Tuesday, October 12, 2010
sleeps with one eye open
I did 3 drawings today. I'm listening to Joan Baez sing Diamonds and Rust. It makes me want to relate at least a little where my art comes from. About 4 years ago I had a very different style of art. I was trying to imitate things like disney and in my opinion failing miserably. I had been seeing a wonderful analyst for about two years. I thought that I was opening up. That I was saying things that had meaning. I didn't know that I was asleep psychologically. I rarely drew. I think I had a hiatus of something like two or more years. Never drew for fun just for school.

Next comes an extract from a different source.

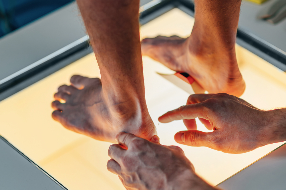 Var olan ayak deformitenize özel durumlarda(düz taban,çukur taban),basış bozukluğunuzda, yaptığınız spor aktivitesine göre hatta ayak konforuna özen gösteren herkesin yaptırması gereken kişiye özel tabanliklar vardır.Danisanin merkezimize geldiğinde dinamik ve statik olucak şekilde ayak tabanı rotasyonları ve yürüme periyodunun tamamı analiz edilip basma kusuru raporlanip bilgisayara aktarılır.Cıkan sonuca göre danışanın tabanlığı dizayn edilir.

Then I had something tragic happen. A relationship crumbled. The person that I relied on for all my self esteem was gone. I know it sounds pretty pathetic and it was in a way. I crashed and burned. I found that I was waking up though. To what really could be my artistic nature through this tragedy. My style of art did a complete 180. I was drawing now from my dreams. From what inspired me. My art started to take on the ability for me to get my feelings out on paper. Be that joy or sadness it was now an outlet. I know it might sound kinda metaphysical but really sometimes these events that you think would sink you no matter how tough you are..turn out to be what wakes you.
I'm grateful for that tragedy. For the way I had to rebuild. I'm not who I once was.
The above image I drew today. She sleeps with one eye open because she fears a broken heart.